DataLoader instances are per-request — create them in the GraphQL context factory, not as singletons. Sharing loaders across requests causes cross-request data leakage.

Query Complexity and Depth Limits

Without limits, a single GraphQL query can request an exponentially large response. Two controls prevent this:

Depth limit: Maximum nesting depth of the query AST. A depth of 10 prevents recursive self-referential queries from creating arbitrarily deep traversals. Return a validation error at parse time, before execution begins.
Complexity limit: Each field is assigned a cost. Nested lists multiply cost (a list of 10 items containing a list of 10 sub-items = 100 units). Total query cost must not exceed the configured threshold. Introspection queries are expensive — count them as a fixed high cost or disable introspection in production.

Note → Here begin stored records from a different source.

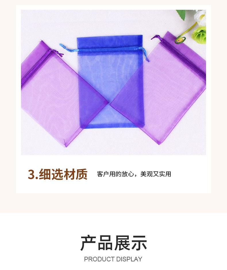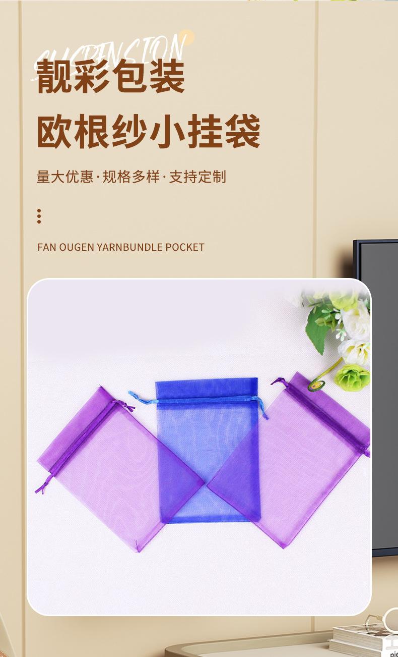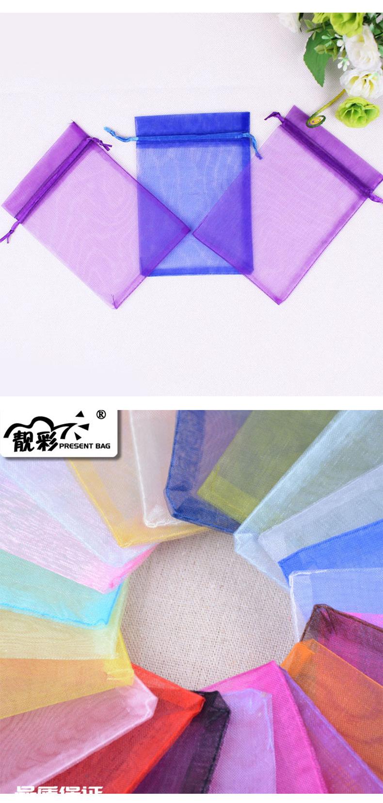 Bolsa de regalo de organza de color al por mayor de fábrica, pequeña bolsa de embalaje con colgante, bolsa de hilo con cordón, tamaño 9*12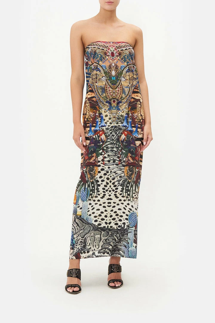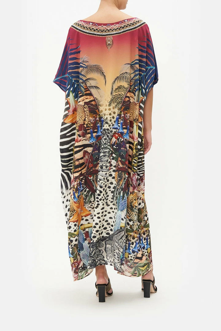 Signature resort wear immersed in the richness of Pachamama, our Natural Instinct Round Neck Kaftan is wrapped in a soft sunset scene enveloped by slated bluebells, cheetah print, ferns of paradise and striking big cat portraits. Adorned with hand-embellished crystals, this luxury silk kaftan features a generous rounded neckline, cropped sleeves and a relaxed maxi silhouette. With so many ways to wear, transform your kaftan into mini dresses, luxury layers, maxi skirts and shapes of Grecian proportions.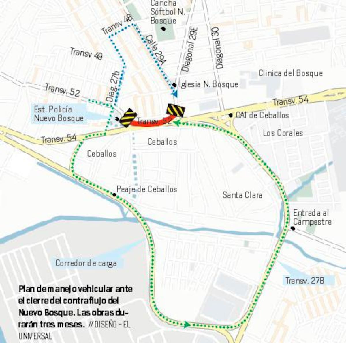 Por este motivo, los conductores que utilizaban esta vía para llegar a sus sitios de destino ahora deberán girar a la derecha antes de llegar a la Estación de Policía del Nuevo Bosque y tomar la diagonal 27b bis para conectar con la Transversal 54 y tomar la vía hacia el Corredor de Carga.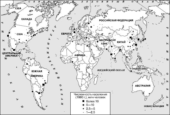 Рис. 49. Размещение городских агломераций-«миллионеров» мира, 1990 г. (по Ю. Л. Пивоварову)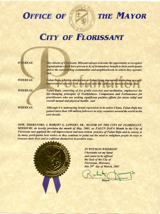 鉴此,我,罗伯特.劳瑞,密苏里州伏洛瑞森特市市长,特此褒奖2003年5月份为伏洛瑞森特市“法轮大法月”,并且赞扬法轮大法提倡的自我提高和非暴力,对其众多的修炼者表达最诚挚的祝福,祝愿他们继续指出人们需要觉悟,应当珍惜生命和修炼自己。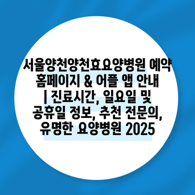 서울양천양천효요양병원 예약 홈페이지 & 어플 앱 공지 | 진료시간, 일요일 및 공휴일 정보, 추천 전연락, 유명한 요양병원 2025 에 대해 자주 묻는 질문 TOP 5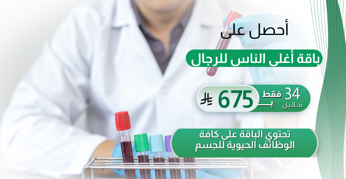 -تحتوي الباقة على (34) تحليل شامل لاطمئنان على كافة الوظائف الحيوية للجسم وتشمل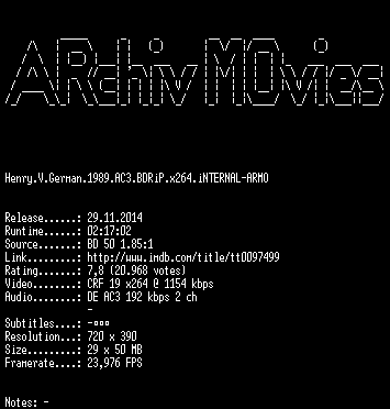 | FiLENAME: | Henry.V.German.1989.AC3.BDRiP.x264.iNTERNAL-ARMO.mkv |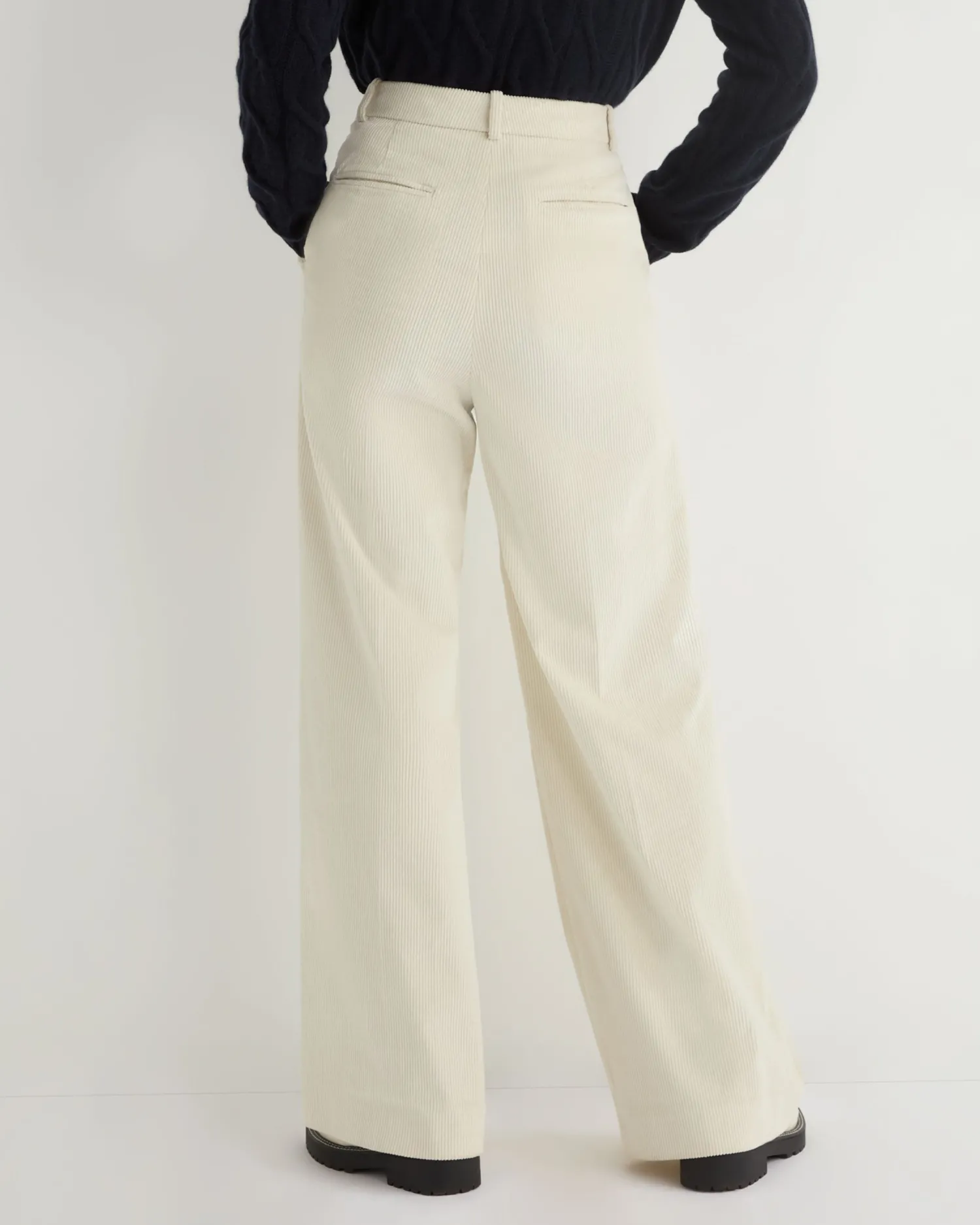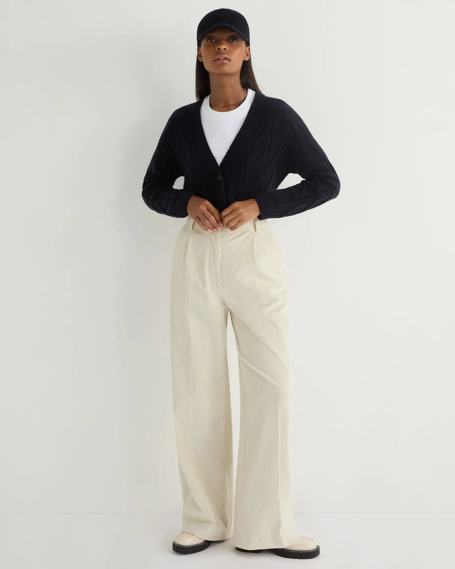 The N.Peal wide-leg pant is designed with a relaxed silhouette and strategically placed pleats that accentuate its high waistline. Crafted from a cotton cashmere cord produced by a leading Italian mill; the cashmere provides fluidity to the garment while the cotton provides softness. Made from 91% cotton, 7% cashmere and 2% elastane – Wide leg style, comfortable and loose fitting style – Hidden hook and zipper closure – Welt pockets with back flap pockets – Soft corduroy material – Model is wearing size Small – Care: Dry Clean Only

const complexityRule = createComplexityRule({
  maximumComplexity: 1000,
  variables: {},
  onComplete: (complexity) => console.log('Query complexity:', complexity),
  estimators: [
    fieldExtensionsEstimator(),
    simpleEstimator({ defaultComplexity: 1 }),
  ],
});

Persisted Queries

Arbitrary query execution is a security risk: attackers can craft maximally expensive queries and hammer the gateway. Persisted queries fix this: clients register queries at deploy time, the server stores the mapping of query hash → query document. At runtime, clients send only the hash:

POST /graphql
{ "extensions": { "persistedQuery": { "version": 1, "sha256Hash": "abc123..." } } }

If the hash is unknown, the server returns an error asking the client to send the full query for registration. Benefits: prevents arbitrary query injection, reduces request payload size (hash vs full query string), enables CDN caching of GET requests with hash parameters.

Field-Level Authorization

Route-level auth (validate JWT at the gateway) is insufficient for GraphQL — different users may have access to different fields on the same type. Implement authorization in resolvers:

const resolvers = {
  User: {
    email: (parent, args, context) => {
      if (!context.user.roles.includes('admin') &&
          context.user.id !== parent.id) {
        return null; // or throw AuthorizationError
      }
      return parent.email;
    }
  }
};

Schema directives (@auth(requires: ADMIN)) centralize authorization logic and keep resolvers clean. The directive checks permissions before the resolver runs, returning null or an error for unauthorized fields.

Response Caching

GraphQL responses are cacheable at the field level using @cacheControl directives. The gateway computes the minimum maxAge across all fields in the response and sets Cache-Control accordingly:

type Post @cacheControl(maxAge: 300) {
  id: ID!
  title: String!
  author: User @cacheControl(maxAge: 60)
}

Public data (product listings, blog posts) can be cached at CDN level when served via GET requests with persisted query hashes. Private data (user profiles, orders) must have scope: PRIVATE and is not CDN-cacheable.

Subscription Support

GraphQL subscriptions deliver real-time updates over WebSocket. The gateway maintains a persistent WebSocket connection per client. When a mutation triggers an event, the gateway publishes to a pub/sub channel (Redis pub/sub or in-memory EventEmitter). Subscribers receive the update via their WebSocket connection. In a horizontally scaled gateway, pub/sub must be external (Redis) so all gateway nodes receive events and can deliver to their locally connected clients.